Singapore’s government has made “an increasingly strategic push to growing its startup ecosystem,” according to the World Bank, leveraging its status as an international business center to attract startups, venture capital firms, and major technology companies.

The city’s combination of close proximity to major markets like Indonesia, Vietnam, and the Philippines, deep access to financial capital, and a highly educated population has appealed to tech firms looking to expand their presence in Southeast Asia. COVID-19 has accelerated the growth of Southeast Asia’s growing digital economy, which has approximately 400 million digital consumers and will reach $300 billion by 2025.

Yet Singapore’s status as a startup hub may be under threat from another trait of the pandemic: the shift to remote work. As American Big Tech companies are grappling with a return to the office, startups and VC firms in Southeast Asia are already reevaluating having all their team members in one place. With employees distributed across the region, if not the wider world, Singapore risks becoming less attractive as a place to base operations and hire talent.

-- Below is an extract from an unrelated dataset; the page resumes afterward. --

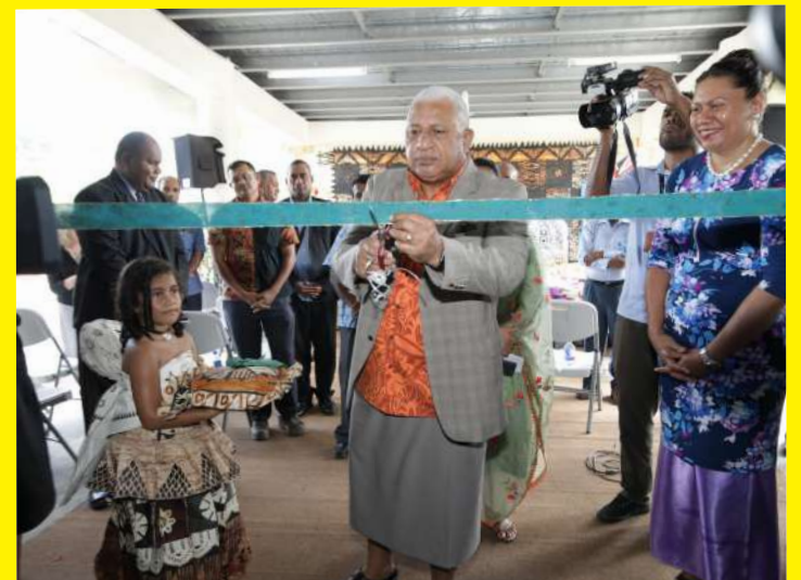
Prime Minister Voreqe Bainimarama officiates at the opening of the $7.2m Laqere Market.

“If I’m hiring a program manager for my accelerator program…I could very much be working with a program manager in Malaysia instead of a program manager in Singapore,” Ee Ling Lim, head of APAC Business Development at 500 Startups, said last week at a Coins2Day Virtual Conversation titled “Fostering the Next Generation of Unicorns.”

“Southeast Asia is becoming a convergence point of different strategies, different capital, to emerge in one region to test out different investment approaches,” said Leo Jiang, chief digital officer for APAC at Huawei Cloud and AI. 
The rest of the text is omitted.